- **Supplied entries**:
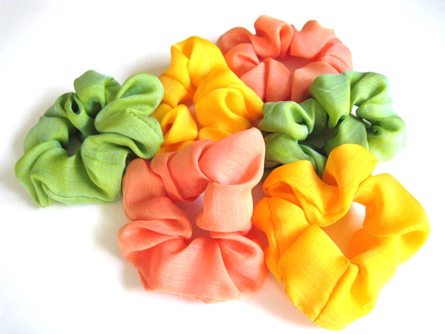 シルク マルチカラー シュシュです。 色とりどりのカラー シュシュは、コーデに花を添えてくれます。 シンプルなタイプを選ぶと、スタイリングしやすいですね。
---
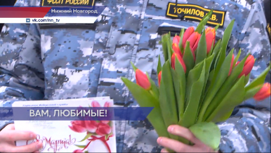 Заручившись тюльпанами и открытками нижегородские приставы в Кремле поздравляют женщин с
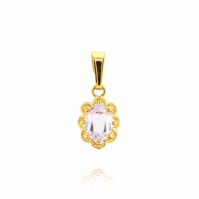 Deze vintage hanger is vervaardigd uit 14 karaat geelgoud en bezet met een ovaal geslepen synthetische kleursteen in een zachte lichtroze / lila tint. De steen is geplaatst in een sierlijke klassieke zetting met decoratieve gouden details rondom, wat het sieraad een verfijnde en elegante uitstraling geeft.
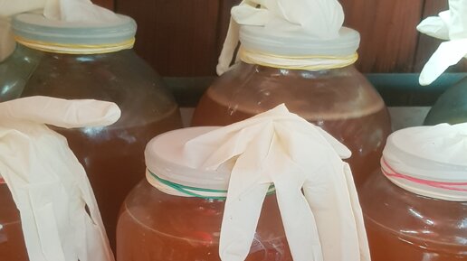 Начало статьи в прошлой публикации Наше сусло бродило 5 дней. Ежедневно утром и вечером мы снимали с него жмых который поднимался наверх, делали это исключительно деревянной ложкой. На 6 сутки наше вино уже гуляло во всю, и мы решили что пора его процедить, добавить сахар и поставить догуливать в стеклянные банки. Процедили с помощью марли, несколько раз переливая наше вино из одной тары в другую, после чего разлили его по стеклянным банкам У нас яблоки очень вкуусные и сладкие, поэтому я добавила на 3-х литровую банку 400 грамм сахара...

- **Required work**: From the records above, transcribe only the stretch from the line with "Deze vintage hanger" through the line with "Начало статьи в", keeping both ends. Omit pictures.

- **The answer**:
 Deze vintage hanger is vervaardigd uit 14 karaat geelgoud en bezet met een ovaal geslepen synthetische kleursteen in een zachte lichtroze / lila tint. De steen is geplaatst in een sierlijke klassieke zetting met decoratieve gouden details rondom, wat het sieraad een verfijnde en elegante uitstraling geeft.
 Начало статьи в прошлой публикации Наше сусло бродило 5 дней. Ежедневно утром и вечером мы снимали с него жмых который поднимался наверх, делали это исключительно деревянной ложкой. На 6 сутки наше вино уже гуляло во всю, и мы решили что пора его процедить, добавить сахар и поставить догуливать в стеклянные банки. Процедили с помощью марли, несколько раз переливая наше вино из одной тары в другую, после чего разлили его по стеклянным банкам У нас яблоки очень вкуусные и сладкие, поэтому я добавила на 3-х литровую банку 400 грамм сахара...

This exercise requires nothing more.